で、そのPHSがかつて女子高生を中心に「ピッチ」という呼び名で広まり、広告などでも使われることがあったという話。当時使っていた人はPHSの存在も、ピッチという呼び名も知っている。けれど、今の女子高生はそんな話は知るはずも無く、母親の「ピッチ」という言葉に首を傾げるのも良くわかる。暗号みたいなもんだもんな、語源を知らなければ。

......というかそもそも論として「ウィルコム」という言葉自体もそろそろ知らない人が出てきてるんじゃないかな、という気がする。ボーダフォンやJ-Phoneはもちろんだけれど。今ではワイモバイルだもんな。
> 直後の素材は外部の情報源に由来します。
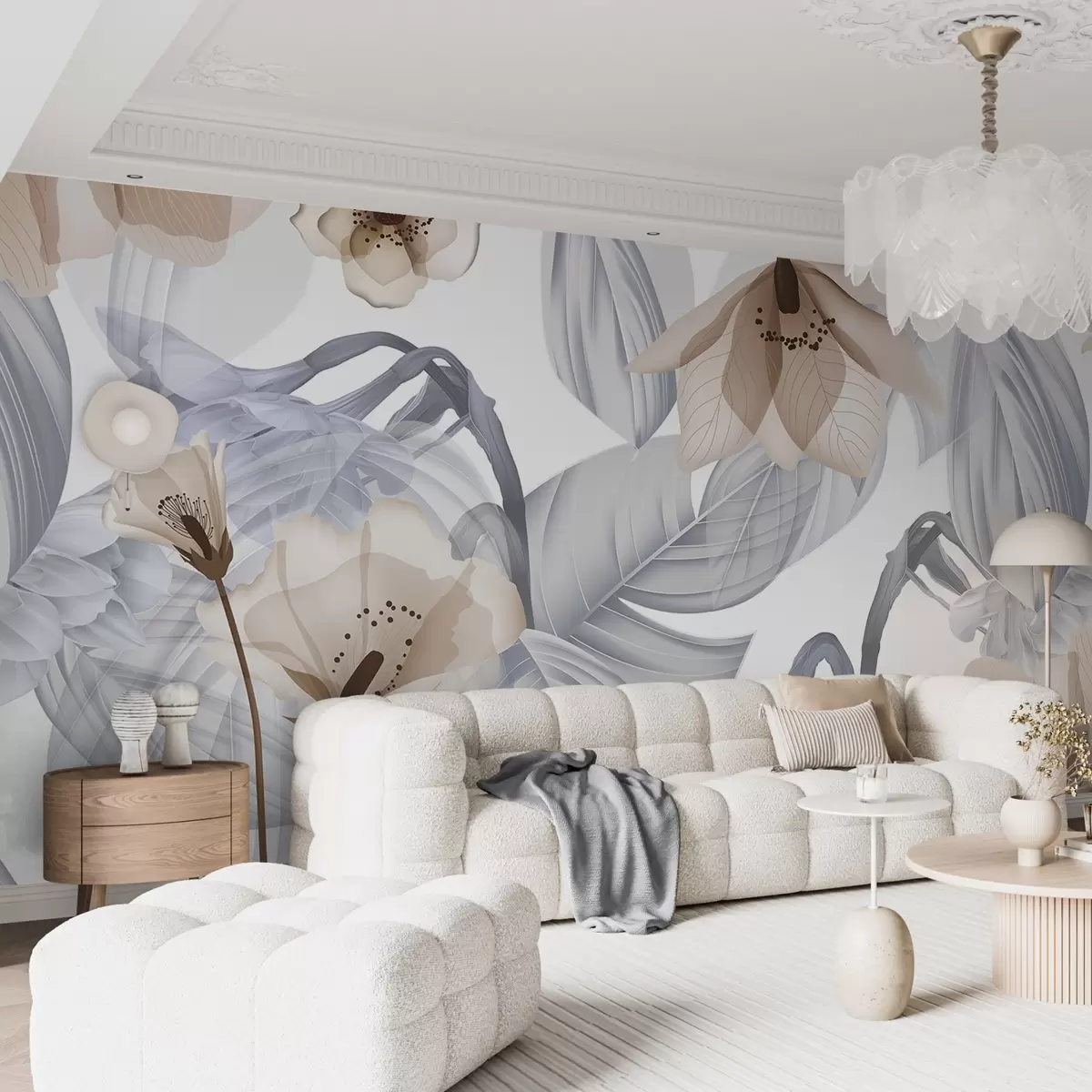 Fototapeten Braune Blüten und graue Blätter, botanischer Blumenhintergrund, elegantes Design, sanfte Farben, leichte, zarte Details N° w09497v1

サービスや商品の変遷と共に言葉も流行廃れていく。その辺りの言葉の、情報の系統をしっかりとつないでおかないと「なにそれ意味不明」なんてことは容易に起きうる。「親って時々変なこと言うよね」という言い回しをしているところを見ると、他にも時折ジェネレーションギャップが発生するようなキーワードが親から発せられているのだろうし、逆に子供からは親にとって首を傾げるような単語が出ているのだろうな。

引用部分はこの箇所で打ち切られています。